Tangannya bergerak meraih satu lembar roti tawar di atas meja makan. Ia mengoleskan selai nutella pada bagian demi bagian badan roti berbentuk persegi itu. Tanpa sadar, Gibran kembali teringat akan ucapan seseorang.
'Aku paling suka sama selai nutella. Mulai sekarang, kamu juga harus suka, ya. Apa pun yang aku suka, kamu juga harus suka, karena kita satu hati.'
Lagi-lagi ia teringat akan ucapan kekasihnya kala itu. Gibran yang sejak dulu tidak menyukai selai nutella, sekarang justru ia begitu senang memakan setangkap roti tawar isi nutella. Sama halnya dengan perasaan. Pertama mengenal Lara, Gibran biasa-biasa. Namun, waktu semakin berjalan, mereka semakin dekat, dan perjalanan selama dua tahun ini membuat Gibran benar-benar mencintai Lara.
Pria itu meletakkan roti di atas piring keramik putih di depannya. Ia lalu menatap satu botol kecil berisi selai nutella dengan nanar. Berharap, Lara-lah yang akan mengoleskan selai untuk rotinya, bahkan gadis itu akan menyuapkan menu sarapan pagi untuknya. Namun, harapan itu seakan-akan hanyalah sebuah khayalan yang makin membuatnya terpuruk dengan kegagalan. Kegagalan untuk membahagiakan bidadarinya. Setidaknya, menikahi Lara adalah cara untuk membahagiakan gadis pujaannya itu.
Tanpa Gibran sadari, ia kembali meloloskan air mata yang mungkin takkan pernah mampu menebus segala rasa bersalahnya.
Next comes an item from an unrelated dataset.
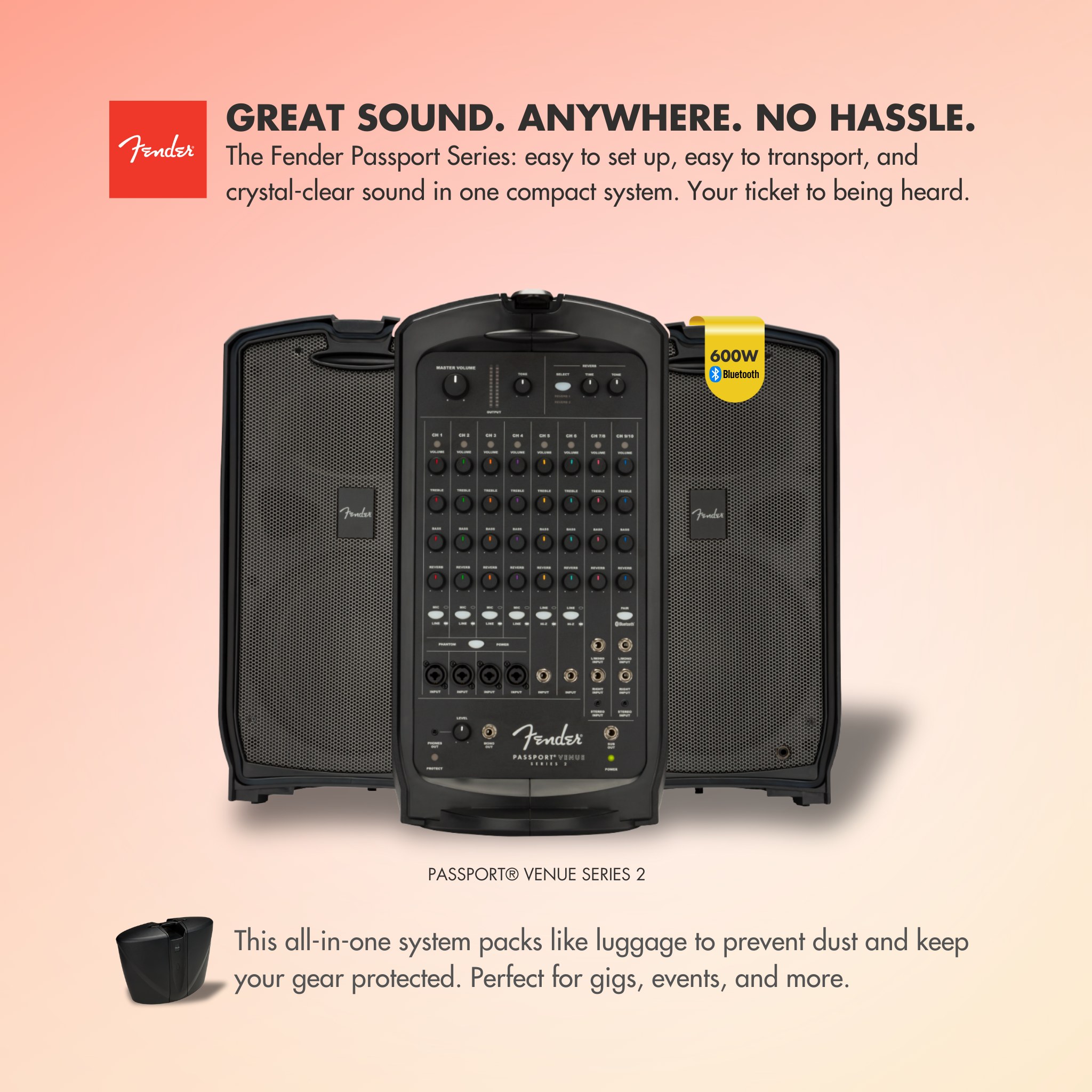 The Fender Passport Series makes it simple. Easy to set up. Easy to transport. Crystal-clear sound in one compact system. From gigs to gatherings, it’s your ticket to being heard.

Kesekian kalinya Gibran terjebak dalam genangan penyesalan. Wajah yang sudah terlihat segar, kini kembali murung dengan bias-bias air pedih yang sudah membasahi pipinya. Gibran menunduk, mencoba melupakan sejenak rasa sesak dalam d**a. Namun, semakin ia mencoba, ia justru makin tersiksa. Tanpa bisa dipungkiri, pria itu sangat merindukan kehadiran Lara di sisinya.
Seorang gadis manis yang memiliki suara merdu, senyumnya begitu hangat, wajah yang terlihat sendu namun penuh kedamaian. Bidadari yang senantiasa menanti Gibran menjemputnya kelak di surga.
Pria itu bergegas meraih tas kerjanya. Tidak sedikit pun ia meneguk cokelat hangat atau memakan roti isi nutella yang sudah ia buat. Untuk menyantap menu sarapan paginya saja ia merasa tak kuasa. Rasanya begitu sesak. Baginya, segelas cokelat hangat yang terlihat manis itu pun terasa pahit di kerongkongan.
Tidak ingin berlarut-larut dalam duka yang mendera dirinya, pria itu bergerak menuju mobil sport berwarna putih yang sudah bertengger di pelataran rumah.
***
Setibanya di rumah sakit, Gibran seperti biasa berjalan memasuki lift, menekan tombol nomor dua dan menuju ruangannya. Ia melangkah santai menyusuri koridor. Dari arah berlawanan, pria itu melihat seorang suster yang sudah lama akrab dengannya. Vira tengah membawa map putih yang diletakkan di atas d**a. Saat Gibran berpapasan dengan Vira, ia menghentikan langkah kemudian menyapa.
"Pagi, Vir."
Wanita berpakaian suster itu tidak merespons. Ia seakan-akan tidak mendengar sapaan Gibran.
"Vir. Kamu kenapa, sih? Disapa diem aja?!" Gibran kesal karena Vira seperti tidak melihatnya.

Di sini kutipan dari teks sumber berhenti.